米国では長年に渡り、ホームレスの薬物乱用が社会問題となってきた。ペンシルベニア州立大学の研究チームは、若年ホームレスにおける「薬物依存症の罹患リスク」を推定するAIアルゴリズムを構築した。これにより、高リスクにある者を対象とした個別化リハビリテーションプログラムの実施などに結びつく可能性が示唆されている。

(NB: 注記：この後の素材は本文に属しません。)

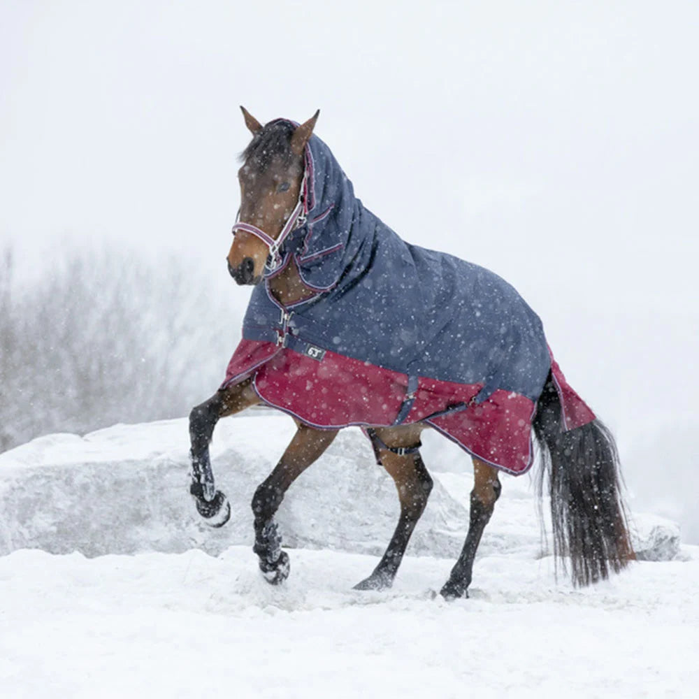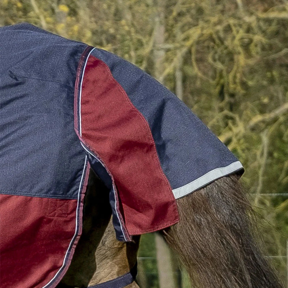 Waterproof and breathable turnout rug in 1200 Denier ripstop polyester with taped seams and nylon lining.
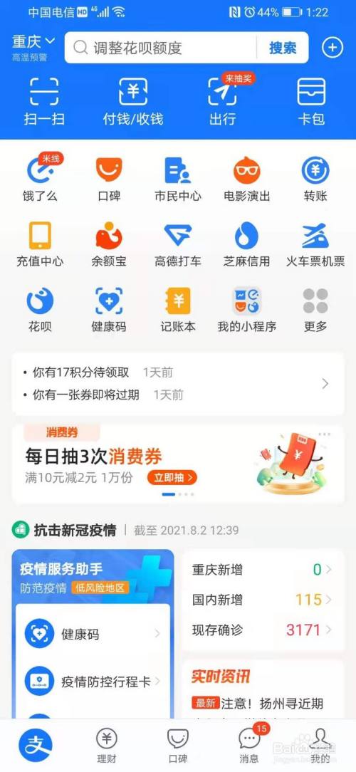 打开手机桌面支付宝APP,点击进入本家儿页。
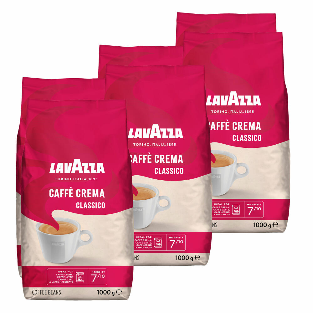Lavazza Kaffee Caffe Crema Classico, ganze Bohnen, Bohnenkaffee, Set, 6 x 1000 g
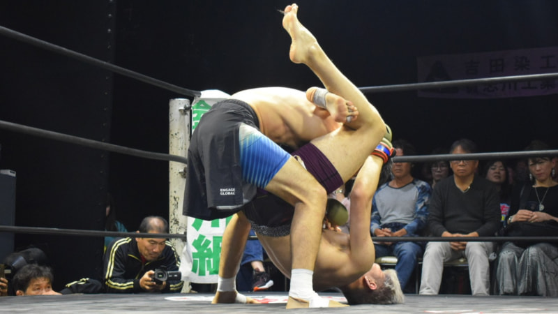 三角絞めを仕掛けるライアン(右)
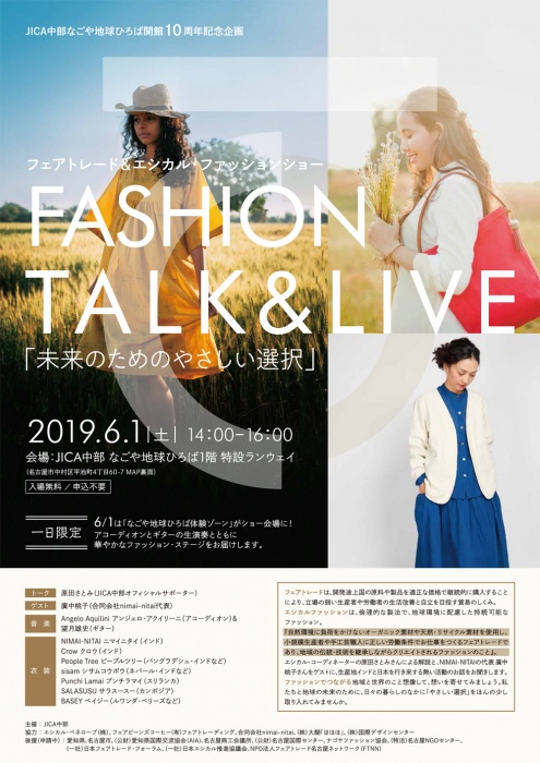 6月1日の一日限定で「なごや地球ひろば体験ゾーン」をショー会場にし、エシカル・コーディネーターの原田さとみ(JICA中部オフィシャルサポーター)による解説と、アコーディオンとギターの生演奏とともに、華やかなファッション・ショーを開催。また、生産地インドと日本を行き来する廣中桃子(合同会社nimai-nitai代表)をゲストに迎えてのトークショーも。申込不要。
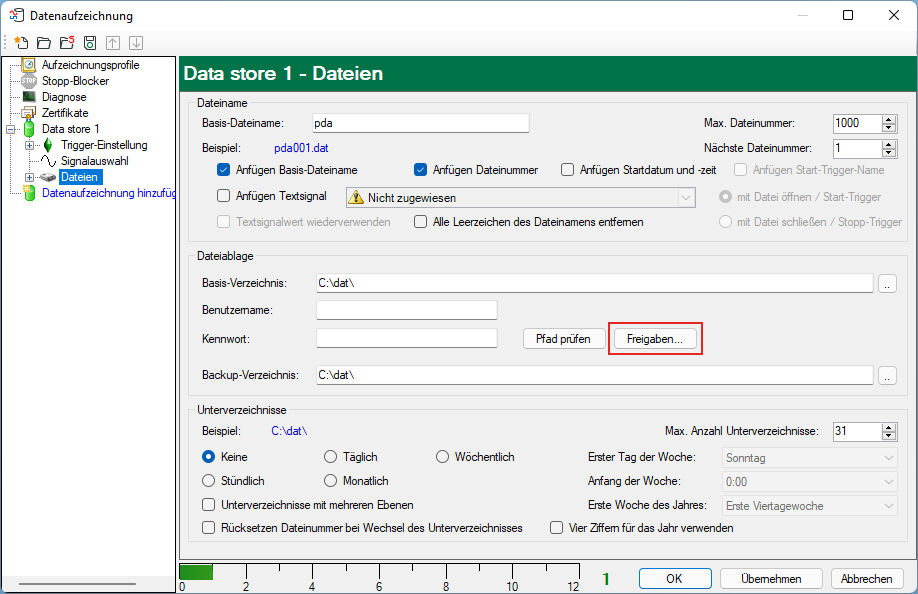 Um auf die mit ibaPDA aufgezeichneten Messdateien komfortabel über das Netzwerk zugreifen zu können, bietet der ibaPDA-Client die Möglichkeit, eine schreibgeschützte Freigabe einzurichten. Öffnen Sie den Dialog Datenaufzeichnung in ibaPDA und markieren den Knoten Dateien.

ペンシルベニア州立大学が先週公表したところによると、研究チームは18歳から26歳の米国在住ホームレス1,400人から収集したデータを利用し、このAIアルゴリズムを導いたという。モデルには、犯罪歴や生育歴、メンタルヘルスの特性など、環境・心理・行動の各要因から多面的な評価項目を取り込んだほか、地理的な差異を解析するため、データセットを州ごと6つに分割した上で個別の予測モデルもトレーニングしたとのこと。
研究論文の筆頭著者で博士課程の学生でもあるMaryam Tabar氏によると「モデルが学んだことを見れば、薬物依存症に苦しむ人々がそうなるに至る要因を効果的に見つけることができる。仮に政策立案者が薬物乱用の蔓延を防ぐプログラムを開発するとすれば、このアルゴリズムは有用なガイドラインを提供することができるだろう」とする。